(Dataset section):

━━━━━━━━━━━━━━━━

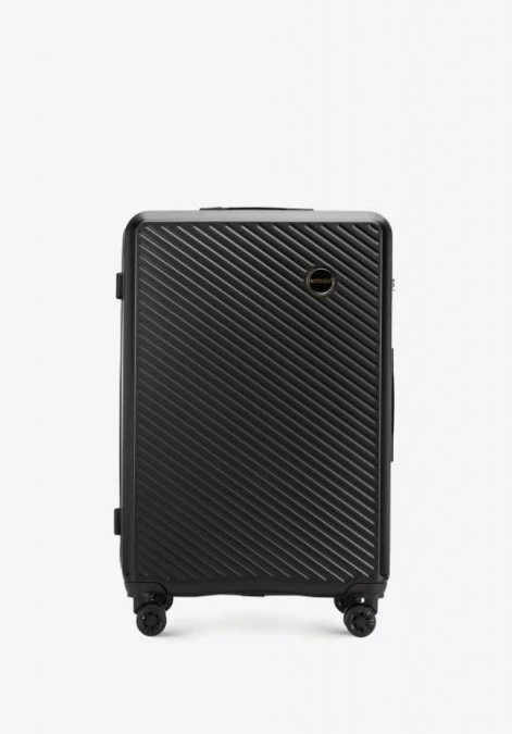 Duża walizka z ABS-u w ukośne paski czarna 56-3a-743-10
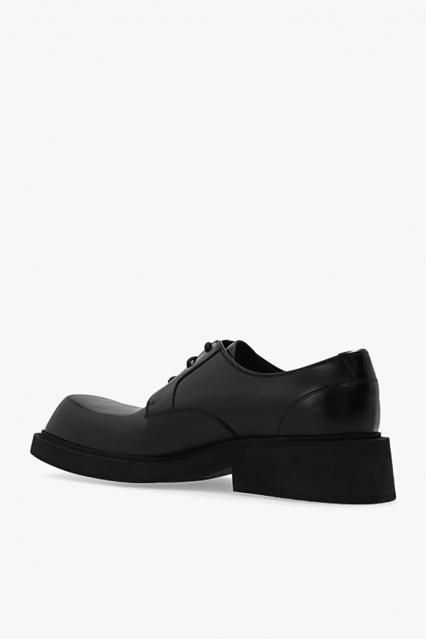 Black ‘Inspector’ Derby shoes from Balenciaga. Crafted from calf leather, this pair is complete with an embossed shoe size, square toe and black rubber sole.
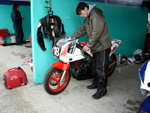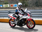 | 私の誕生日&I賀君とK菜ちゃんの結婚記念日の4/9(日)エビスサーキットで2006年第一回目のサーキットランにナイーブとフミヤ君とK田君とO川君が参加してきました。 朝まで少し雨が残ってた様ですが、走行する頃には完全にあがり路面もドライになった様です。 大きなちゃんとしたサーキット初挑戦のフミヤ君はナイーブのTZR250(1KT)を借りて、ナイーブは自分の凄いレーサー02'GSX-R600エビススペシャルをシェイクダウンで、数年ぶりにサーキットを走るK田君はTZR250(1KTと2XT混合)、K田君の先輩で最近サーキット走行に燃え出したO川君は88'RGV-ガンマ250で参加です。 冬の間にエンジンフルオーバーホール&ちょこっとチューンを施したナイーブは恐る恐る慣らし走行なので走りは二の次です、二週間前にミニバイクサーキッデビューを果たしたフミヤ君は本格サーキットデビューでまたもブレーキをあんまり掛けない超人走りを披露するもタイムは・・・・・・・・・・ 数年振りにサーキットを走ったK田君はビビリミッターが作動して納得出来る走りには程遠かったらしいです、O川君もマシンの調子がおかしく一本目の途中で転けてしまいみぎステップホルダーが折れて終了。 午後からの模擬レースに参加したフミヤ君は午前のフリー走行とはうって変わって熱い走りが出来る様になってきてた矢先に最終コーナーで飛び出して大クラッシュ!TZR250は全損と呼べるくらいグチャグチャに壊れてしまいました、本人も暫く動けず数時間後病院に担がれましたが、骨に異常は無く一安心。 K田君は模擬レースが始まってもまだビビリミッターが解除出来なかった様ですが、根性で走り続けて無事にチェッカーを受けれました。 フミヤ君もK田君もO川君も全然納得いかなかったらしく次回も参加したいと言ってました、一緒に行きたい方がいたら連絡下さいね。 |

━━━━━━━━━━━━━━━━

(Exercise brief): Repeat, line for line and exactly, the material from its first line through the line that contains "Black ‘Inspector’ Derby", both ends included; no pictures belong in the copy.

(Response to the task):
 Duża walizka z ABS-u w ukośne paski czarna 56-3a-743-10
 Black ‘Inspector’ Derby shoes from Balenciaga. Crafted from calf leather, this pair is complete with an embossed shoe size, square toe and black rubber sole.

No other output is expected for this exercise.